**Exercise goal:** Take the listing from its first line through the line that contains "Glazen tafel hoogte" and please retype those lines exactly, leaving out the pictures.

**Stored data:**
**********

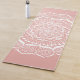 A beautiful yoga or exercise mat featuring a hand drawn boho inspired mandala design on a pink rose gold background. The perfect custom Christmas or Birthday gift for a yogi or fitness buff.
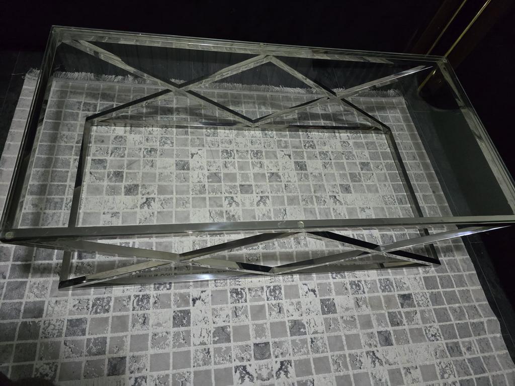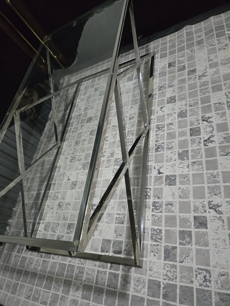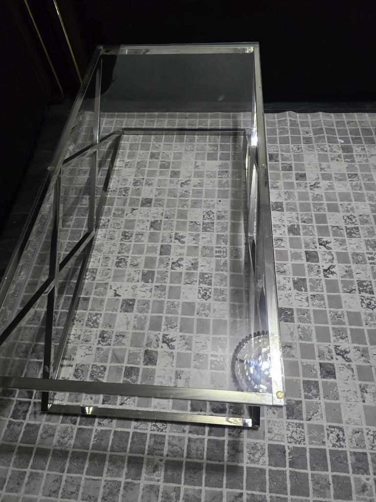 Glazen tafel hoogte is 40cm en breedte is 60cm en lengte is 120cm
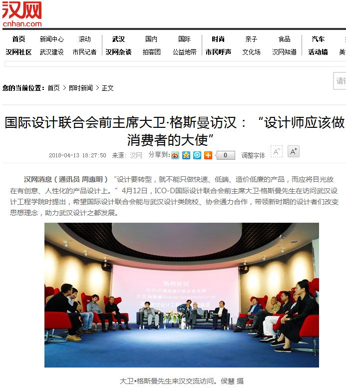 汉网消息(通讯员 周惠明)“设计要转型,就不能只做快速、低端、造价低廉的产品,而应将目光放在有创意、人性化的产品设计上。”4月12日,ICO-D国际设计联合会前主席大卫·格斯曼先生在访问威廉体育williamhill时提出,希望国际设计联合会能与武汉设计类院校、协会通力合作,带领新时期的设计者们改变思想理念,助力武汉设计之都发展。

**********

**Result below:**
 A beautiful yoga or exercise mat featuring a hand drawn boho inspired mandala design on a pink rose gold background. The perfect custom Christmas or Birthday gift for a yogi or fitness buff.
 Glazen tafel hoogte is 40cm en breedte is 60cm en lengte is 120cm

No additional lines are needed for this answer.